Keyword Spotting: Should Background Noise be added to Dataset?

I’ve set up a keyword matching impulse that works pretty well. After recording hundreds of samples, my keyword matching works great… if I’m sitting at my desk where I did the majority of the recordings. It seems as though when I move my device (ESP32S3) to different locations, such as outside, or even just in a situation where there’s background noise (like the air conditioning), the keyword matching accuracy seems to plummet.

I was looking into expanding my dataset further when I ran across the EI documentation for generating synthetic (AI text-to-speech) datasets. It struck me that I may have been using the wrong approach to my dataset. I had been attempting to make pristine audio samples, with high quality microphones, noise filtered out, pop filters, etc. But the synthetic dataset tutorial indicates that background noise might actually be exactly what’s missing from my dataset.

Quoting that article:

Finally we iterate though all the options generated, call the Google TTS API to generate the desired sample, and apply noise to it, saving locally with metadata

It then goes on to demonstrate that the “noisy” samples are the ones ultimately uploaded to the model, rather than the clean keyword samples.

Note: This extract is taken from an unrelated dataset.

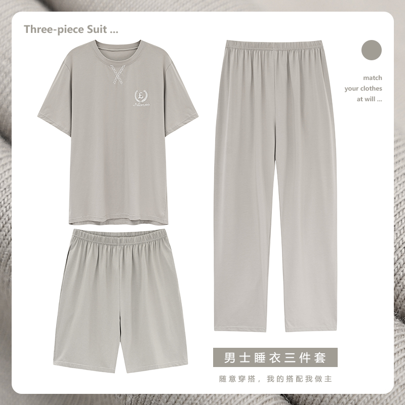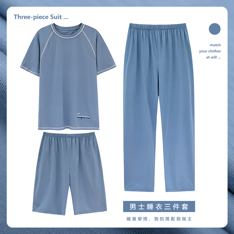 三件套莫代尔家居服男夏天短袖 薄款 长裤 宽松大码 男士 套装 睡衣夏季

So my big question: Should I refactor my dataset to add background noise to all my samples, rather than trying to remove background noise?

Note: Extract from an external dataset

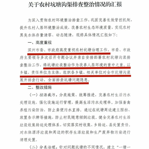 今年3月,深州市生态环境分局向我们提供了《深州市人民政府关于农村坑塘沟渠排查整治情况的汇报》,报告中详细说明了深州市为改善农村人居环境开展的系列工作:包括全面排查、一塘一策分类治理、严格考核问责和建立健全长效机制。同时,积极谋划农村坑塘治理(生态振兴示范)项目,采取“外源控污、内源清淤,消除隐患、提升品质,水体净化、生态恢复”等技术路线,对10 个乡镇 44 个行政村的 50 个坑塘环境进行提升。
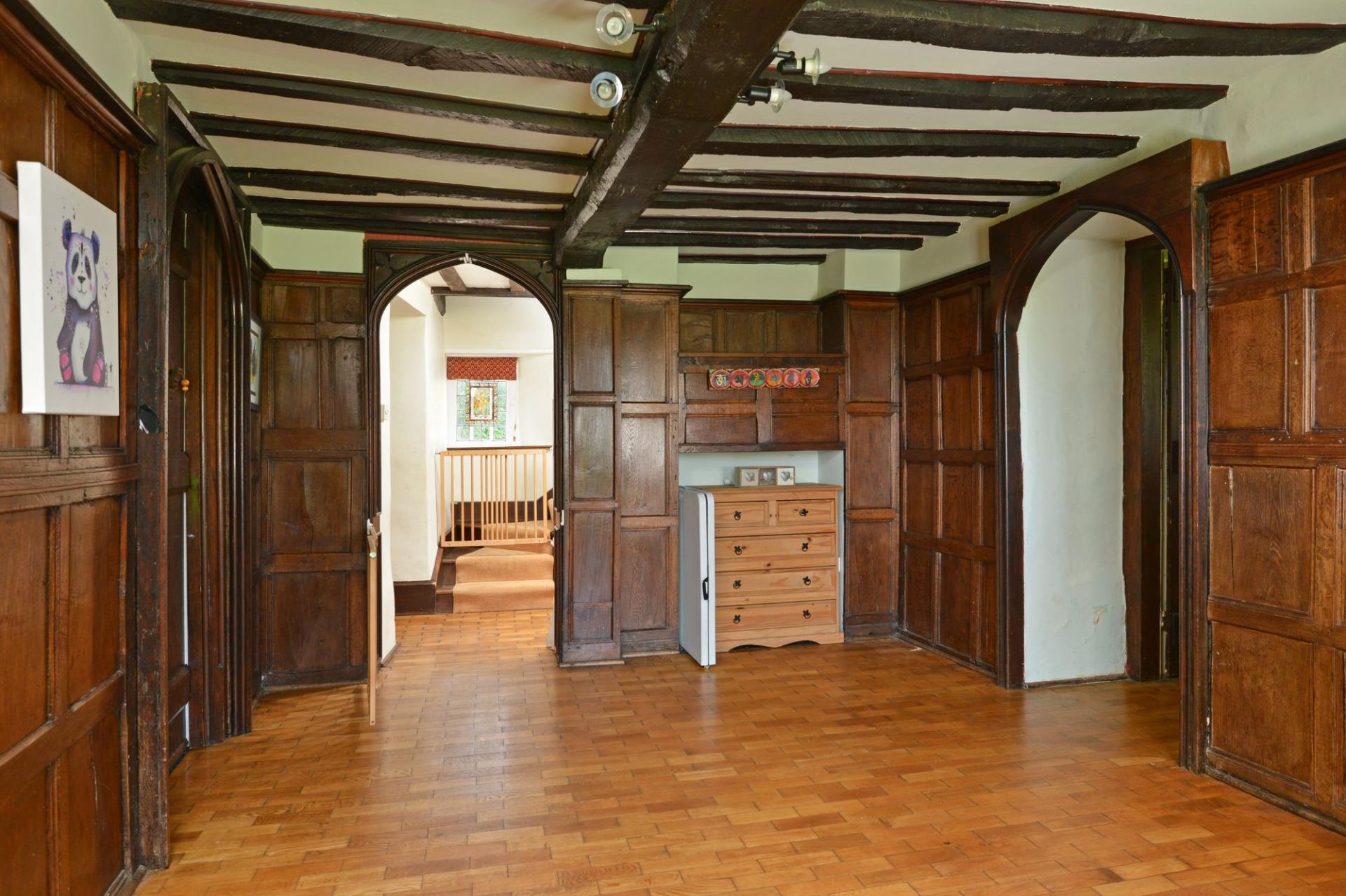 Upstairs, the sense of space continues. The first floor is arranged across both the original farmhouse and the later extension, linked by a wide, light-filled landing with wooden floors.

The synthetic dataset tutorial has excellent code samples, I could use my existing dataset to add noise to all samples (perhaps multiple times with different background noises even). But I want to verify if my hypothesis holds any water before doing all that work.

For the record, I think my confusion stemmed from most of the getting started tutorials, like the “Responding to your Voice” documentation and video, which seem to indicate having clean samples is preferable.

Screenshots such as this example show clearly specified keywords with zero noise between the samples:

I was under the impression that Edge Impulse combined the “noise” dataset with the the desired keyword datasets automatically. Now from the the more advanced documentation, it seems that I was probably incorrect in assuming that was a “behind the scenes” capability of Edge Impulse.

Now that I’m looking for it, I’m finding more references to adding noise, such as in the documentation for pre-built-datasets.

This is a prebuilt dataset for a keyword spotting system based on a subset of data in the Google Speech Commands Dataset, with added noise from the Microsoft Scalable Noisy Speech Dataset.